Monday, July 11, 2016

Harvard Day 4, Part 2: Writing Across the Curriculum (and other stuff)

Dr. John Collins was our afternoon speaker on day four. He’s the guru of the Collins Writing Program, and spoke to us about writing across the curriculum. His program advocates four types of writing in all classrooms. I won’t detail those here, but you can get more information on his web site.

I was so interested to learn about the Yerkes-Dodson Law. Wikipedia explains it pretty well. This gist is that performance gets better with increased mental arousal, but there is a point where the arousal is too high and performance decreases. A good healthy level of stress and difficulty increases performance, but too much stress and difficulty, and learning will crash and burn. My business math class at A&M comes to mind…

Here’s a model from the Wiki article:

I’m very interested in identifying when students are at the top of the curve, and I know it will be at very different times for different kids. This speaks to appropriate rigor AND relevance at the same time. I like it.

Collins also stated “We over test and under quiz.” This left me questioning the role of formative assessment in our classrooms. Do we “quiz,” formally or informally, enough?  I always say that test scores should never surprise a teacher – the teacher should know who got it and who still has a way to go before he or she ever grades a test. But is that reflected in our practice?  It’s worth looking at.

He also spoke of the “curse of knowledge.” In other words, he believes that the longer you’ve taught something the harder it is to teach it because you lose the ability to understand why it’s hard. This reminded me of Daniel Willingham’s Why Don’t Students Like School?  I’m actually doing a 45 minute session on some of the concepts in this book at our district’s You Matter conference this fall, so Dr. Collins’s work may show up in the presentation as well!

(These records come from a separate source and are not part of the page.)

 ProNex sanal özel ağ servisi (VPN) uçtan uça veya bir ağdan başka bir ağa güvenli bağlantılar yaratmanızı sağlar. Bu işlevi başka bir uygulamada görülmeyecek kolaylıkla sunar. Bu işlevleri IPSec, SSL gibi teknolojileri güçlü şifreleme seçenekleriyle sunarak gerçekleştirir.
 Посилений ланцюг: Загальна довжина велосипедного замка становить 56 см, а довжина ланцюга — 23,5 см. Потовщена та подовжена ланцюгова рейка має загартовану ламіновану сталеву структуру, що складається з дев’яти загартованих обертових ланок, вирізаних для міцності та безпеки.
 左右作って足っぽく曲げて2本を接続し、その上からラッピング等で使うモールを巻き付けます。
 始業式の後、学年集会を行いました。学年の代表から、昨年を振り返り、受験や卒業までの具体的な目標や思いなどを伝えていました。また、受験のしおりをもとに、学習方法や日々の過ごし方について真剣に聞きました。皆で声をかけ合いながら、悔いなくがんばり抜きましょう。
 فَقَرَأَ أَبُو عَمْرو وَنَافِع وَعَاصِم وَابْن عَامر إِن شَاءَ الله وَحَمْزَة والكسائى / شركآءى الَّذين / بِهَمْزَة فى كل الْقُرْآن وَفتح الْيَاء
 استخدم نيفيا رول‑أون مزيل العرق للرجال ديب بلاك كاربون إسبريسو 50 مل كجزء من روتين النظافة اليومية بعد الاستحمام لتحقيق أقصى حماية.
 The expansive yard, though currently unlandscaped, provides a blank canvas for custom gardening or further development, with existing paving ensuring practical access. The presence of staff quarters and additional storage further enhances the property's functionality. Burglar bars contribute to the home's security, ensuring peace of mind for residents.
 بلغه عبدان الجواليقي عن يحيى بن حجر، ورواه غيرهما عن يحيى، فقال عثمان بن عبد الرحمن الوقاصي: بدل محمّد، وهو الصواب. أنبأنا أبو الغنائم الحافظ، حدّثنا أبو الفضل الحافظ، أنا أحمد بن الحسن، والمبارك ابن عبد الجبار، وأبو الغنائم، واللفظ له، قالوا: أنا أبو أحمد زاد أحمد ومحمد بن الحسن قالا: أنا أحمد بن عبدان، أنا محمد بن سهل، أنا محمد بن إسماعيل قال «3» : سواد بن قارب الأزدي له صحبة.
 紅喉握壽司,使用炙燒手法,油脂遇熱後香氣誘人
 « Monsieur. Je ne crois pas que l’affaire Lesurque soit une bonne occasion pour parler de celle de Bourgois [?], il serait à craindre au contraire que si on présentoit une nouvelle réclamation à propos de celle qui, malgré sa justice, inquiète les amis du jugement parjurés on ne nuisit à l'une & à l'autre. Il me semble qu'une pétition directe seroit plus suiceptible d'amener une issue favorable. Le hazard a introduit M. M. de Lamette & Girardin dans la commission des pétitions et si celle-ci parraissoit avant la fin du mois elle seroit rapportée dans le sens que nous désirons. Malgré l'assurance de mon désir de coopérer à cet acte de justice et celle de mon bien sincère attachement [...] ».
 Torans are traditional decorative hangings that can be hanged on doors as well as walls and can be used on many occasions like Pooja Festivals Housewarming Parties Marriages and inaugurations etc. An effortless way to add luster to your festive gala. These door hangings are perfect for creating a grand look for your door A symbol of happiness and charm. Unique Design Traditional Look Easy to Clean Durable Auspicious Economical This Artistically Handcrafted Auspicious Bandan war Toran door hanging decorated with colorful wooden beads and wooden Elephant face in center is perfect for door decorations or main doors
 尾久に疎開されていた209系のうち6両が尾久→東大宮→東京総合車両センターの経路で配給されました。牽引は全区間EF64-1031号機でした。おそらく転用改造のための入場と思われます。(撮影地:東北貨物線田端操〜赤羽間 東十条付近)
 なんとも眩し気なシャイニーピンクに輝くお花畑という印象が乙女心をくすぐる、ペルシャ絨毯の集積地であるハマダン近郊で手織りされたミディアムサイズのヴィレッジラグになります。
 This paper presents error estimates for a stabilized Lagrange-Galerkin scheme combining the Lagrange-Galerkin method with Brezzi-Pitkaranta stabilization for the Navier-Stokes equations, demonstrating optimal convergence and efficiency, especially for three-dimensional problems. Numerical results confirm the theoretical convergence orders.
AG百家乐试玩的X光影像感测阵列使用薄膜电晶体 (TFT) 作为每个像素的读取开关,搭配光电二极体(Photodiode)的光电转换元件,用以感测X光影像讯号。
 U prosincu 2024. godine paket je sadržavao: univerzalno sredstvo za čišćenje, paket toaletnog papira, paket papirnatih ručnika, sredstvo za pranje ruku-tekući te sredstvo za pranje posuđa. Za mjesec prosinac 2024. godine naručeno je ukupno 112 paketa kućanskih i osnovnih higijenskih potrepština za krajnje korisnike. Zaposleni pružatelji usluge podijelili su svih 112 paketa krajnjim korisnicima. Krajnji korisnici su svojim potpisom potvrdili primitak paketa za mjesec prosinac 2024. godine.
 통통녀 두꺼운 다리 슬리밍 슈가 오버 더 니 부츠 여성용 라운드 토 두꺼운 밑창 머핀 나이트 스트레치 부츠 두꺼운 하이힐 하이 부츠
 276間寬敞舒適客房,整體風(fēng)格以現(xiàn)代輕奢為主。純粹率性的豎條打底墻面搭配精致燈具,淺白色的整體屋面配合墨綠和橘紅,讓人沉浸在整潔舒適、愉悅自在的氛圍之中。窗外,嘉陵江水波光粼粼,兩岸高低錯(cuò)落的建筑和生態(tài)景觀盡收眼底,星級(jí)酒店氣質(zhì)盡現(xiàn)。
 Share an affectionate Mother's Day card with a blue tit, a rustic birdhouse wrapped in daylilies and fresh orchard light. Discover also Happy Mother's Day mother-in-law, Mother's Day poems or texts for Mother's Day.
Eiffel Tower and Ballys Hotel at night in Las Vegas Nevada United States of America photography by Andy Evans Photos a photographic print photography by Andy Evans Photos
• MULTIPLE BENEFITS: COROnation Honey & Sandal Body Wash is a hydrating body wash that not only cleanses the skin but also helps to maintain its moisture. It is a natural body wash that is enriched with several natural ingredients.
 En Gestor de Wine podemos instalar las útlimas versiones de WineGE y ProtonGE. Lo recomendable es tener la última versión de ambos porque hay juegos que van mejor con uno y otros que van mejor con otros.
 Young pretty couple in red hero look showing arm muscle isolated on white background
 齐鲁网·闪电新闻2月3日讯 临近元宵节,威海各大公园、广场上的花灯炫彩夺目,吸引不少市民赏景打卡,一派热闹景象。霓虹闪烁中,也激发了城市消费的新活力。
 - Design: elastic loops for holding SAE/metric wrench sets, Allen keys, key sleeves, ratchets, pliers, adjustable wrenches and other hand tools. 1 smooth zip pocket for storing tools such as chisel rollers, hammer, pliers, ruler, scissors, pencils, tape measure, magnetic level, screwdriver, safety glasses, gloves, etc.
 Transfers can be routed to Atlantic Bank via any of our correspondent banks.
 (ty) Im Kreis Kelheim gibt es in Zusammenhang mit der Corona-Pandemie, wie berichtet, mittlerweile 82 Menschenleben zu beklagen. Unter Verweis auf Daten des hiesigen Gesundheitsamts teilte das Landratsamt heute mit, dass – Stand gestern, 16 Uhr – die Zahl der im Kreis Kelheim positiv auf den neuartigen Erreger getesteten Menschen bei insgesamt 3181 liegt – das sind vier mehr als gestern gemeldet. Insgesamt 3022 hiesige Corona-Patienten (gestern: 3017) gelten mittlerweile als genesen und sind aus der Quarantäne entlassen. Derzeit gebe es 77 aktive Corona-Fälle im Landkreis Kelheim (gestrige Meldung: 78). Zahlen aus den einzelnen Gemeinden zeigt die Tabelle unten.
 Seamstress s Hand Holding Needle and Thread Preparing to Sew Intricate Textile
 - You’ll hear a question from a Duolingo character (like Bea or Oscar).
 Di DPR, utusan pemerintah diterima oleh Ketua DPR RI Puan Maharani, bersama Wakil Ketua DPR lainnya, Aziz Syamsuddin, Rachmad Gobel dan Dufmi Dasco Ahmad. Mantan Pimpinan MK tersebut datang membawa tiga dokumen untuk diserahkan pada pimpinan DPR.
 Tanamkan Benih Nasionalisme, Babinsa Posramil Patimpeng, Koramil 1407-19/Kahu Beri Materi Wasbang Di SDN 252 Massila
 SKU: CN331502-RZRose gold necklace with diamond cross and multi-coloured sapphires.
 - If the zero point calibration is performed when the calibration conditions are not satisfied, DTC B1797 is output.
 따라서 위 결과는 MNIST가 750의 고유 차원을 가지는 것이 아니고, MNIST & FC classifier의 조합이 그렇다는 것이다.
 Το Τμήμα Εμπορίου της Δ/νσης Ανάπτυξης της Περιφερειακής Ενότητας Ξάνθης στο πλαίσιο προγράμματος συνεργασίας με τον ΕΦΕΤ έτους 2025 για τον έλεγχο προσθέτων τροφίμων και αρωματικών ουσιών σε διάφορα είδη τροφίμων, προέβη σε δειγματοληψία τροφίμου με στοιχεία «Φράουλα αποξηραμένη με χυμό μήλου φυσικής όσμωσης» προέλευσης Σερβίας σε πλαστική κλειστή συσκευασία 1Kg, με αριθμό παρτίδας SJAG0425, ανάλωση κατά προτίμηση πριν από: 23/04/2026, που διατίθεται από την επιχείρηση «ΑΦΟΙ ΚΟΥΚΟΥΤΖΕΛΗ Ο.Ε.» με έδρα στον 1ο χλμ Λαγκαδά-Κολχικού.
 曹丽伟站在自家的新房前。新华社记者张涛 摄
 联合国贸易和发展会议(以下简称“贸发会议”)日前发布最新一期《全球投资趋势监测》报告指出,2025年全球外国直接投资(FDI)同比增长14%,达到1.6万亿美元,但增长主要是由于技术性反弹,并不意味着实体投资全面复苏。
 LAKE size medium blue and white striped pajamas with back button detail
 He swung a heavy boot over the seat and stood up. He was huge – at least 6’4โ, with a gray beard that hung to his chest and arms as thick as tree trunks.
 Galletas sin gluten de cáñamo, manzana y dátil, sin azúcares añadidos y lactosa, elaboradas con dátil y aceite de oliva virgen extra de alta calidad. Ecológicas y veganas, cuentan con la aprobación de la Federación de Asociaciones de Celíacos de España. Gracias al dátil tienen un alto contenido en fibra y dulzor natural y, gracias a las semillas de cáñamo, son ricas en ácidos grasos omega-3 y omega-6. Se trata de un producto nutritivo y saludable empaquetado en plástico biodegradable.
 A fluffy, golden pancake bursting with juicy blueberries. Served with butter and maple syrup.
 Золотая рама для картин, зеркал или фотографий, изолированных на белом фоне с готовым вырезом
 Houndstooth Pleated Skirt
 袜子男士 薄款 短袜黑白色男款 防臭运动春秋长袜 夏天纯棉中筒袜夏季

Collins’s writing program comes with special paper that requires kids to skip lines. The main purpose for this is so that they can edit without having to recopy the whole thing. I thought of our students with dysgraphia or other difficulties with handwriting, and decided this is a great idea! His process also includes specific directions at the top of each page – called Focus Correction Areas (or FCAs)  - that he says work as a contract with the student, ensuring they know the requirements. I love that he didn’t just say that kids should write in every subject, but gave the how, both how kids should write and how teachers  should grade.

My favorite tip was a writing assignment as closure that’s something like, “What would be a great quiz question over what we covered today?” The teacher picks the best one and uses it. Then (my favorite part) you put all of the good questions in a jar at the front of the room and pull them out periodically to spiral back through content. Genius! Another tip was to take a student’s paper that meets the requirements well and copy it onto the back of all of the papers when you return them (with the name off, of course). This allows all students to have a positive “mentor”writing assignment to review and prepare for next time. Overall, his program seems very user friendly.

Sidebar: He’ll be in Houston at a couple of schools in the fall. I’m thinking of calling those schools to see if we can send a teacher or two who doesn’t teach writing but will integrate writing into the courses they do teach.

Finally, and not really related to school, I learned about a column in the New York Times called “The Ethicist.” Each installment gives a situation with an ethical dilemma. It seemed like productive fun to look these up and discuss around the dinner table. And I’d be lying if I didn’t see a great timed writing prompt for high school kids in there somewhere, too!